■ WORK REQUEST ■
Every line of the listing below from the one with "Nëse ky kusht" up to and including the one with "关键词:欧美跨境新款女装,亚马逊外贸专供,休闲牛仔裤,复古高腰直筒裤" should be retyped exactly, and nothing else; pictures are not part of the copy.

■ DATA TO EXAMINE ■
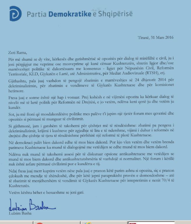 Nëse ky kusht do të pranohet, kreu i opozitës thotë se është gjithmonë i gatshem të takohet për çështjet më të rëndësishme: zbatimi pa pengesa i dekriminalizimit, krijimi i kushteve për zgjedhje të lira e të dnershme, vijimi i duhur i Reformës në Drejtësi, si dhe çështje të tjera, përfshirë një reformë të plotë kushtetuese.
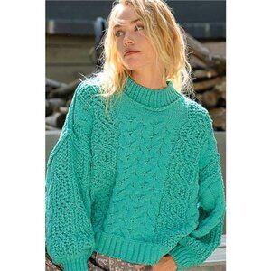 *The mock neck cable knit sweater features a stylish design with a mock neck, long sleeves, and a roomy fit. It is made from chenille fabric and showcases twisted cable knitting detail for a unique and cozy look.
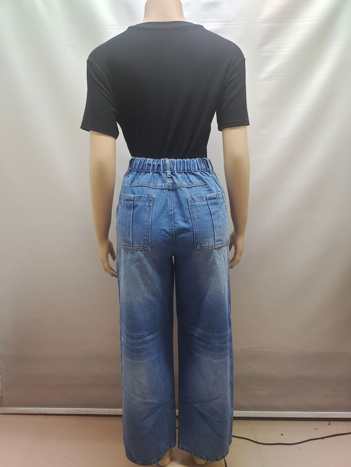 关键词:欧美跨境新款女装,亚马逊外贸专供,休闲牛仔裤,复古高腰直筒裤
==
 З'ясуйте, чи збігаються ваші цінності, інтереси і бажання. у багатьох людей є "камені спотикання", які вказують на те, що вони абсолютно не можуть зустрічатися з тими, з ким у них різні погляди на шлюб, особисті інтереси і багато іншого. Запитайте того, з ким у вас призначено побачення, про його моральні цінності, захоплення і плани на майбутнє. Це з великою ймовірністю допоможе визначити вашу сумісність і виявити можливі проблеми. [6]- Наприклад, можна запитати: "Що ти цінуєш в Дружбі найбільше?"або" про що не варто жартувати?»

■ WRITTEN SOLUTION ■
 Nëse ky kusht do të pranohet, kreu i opozitës thotë se është gjithmonë i gatshem të takohet për çështjet më të rëndësishme: zbatimi pa pengesa i dekriminalizimit, krijimi i kushteve për zgjedhje të lira e të dnershme, vijimi i duhur i Reformës në Drejtësi, si dhe çështje të tjera, përfshirë një reformë të plotë kushtetuese.
 *The mock neck cable knit sweater features a stylish design with a mock neck, long sleeves, and a roomy fit. It is made from chenille fabric and showcases twisted cable knitting detail for a unique and cozy look.
 关键词:欧美跨境新款女装,亚马逊外贸专供,休闲牛仔裤,复古高腰直筒裤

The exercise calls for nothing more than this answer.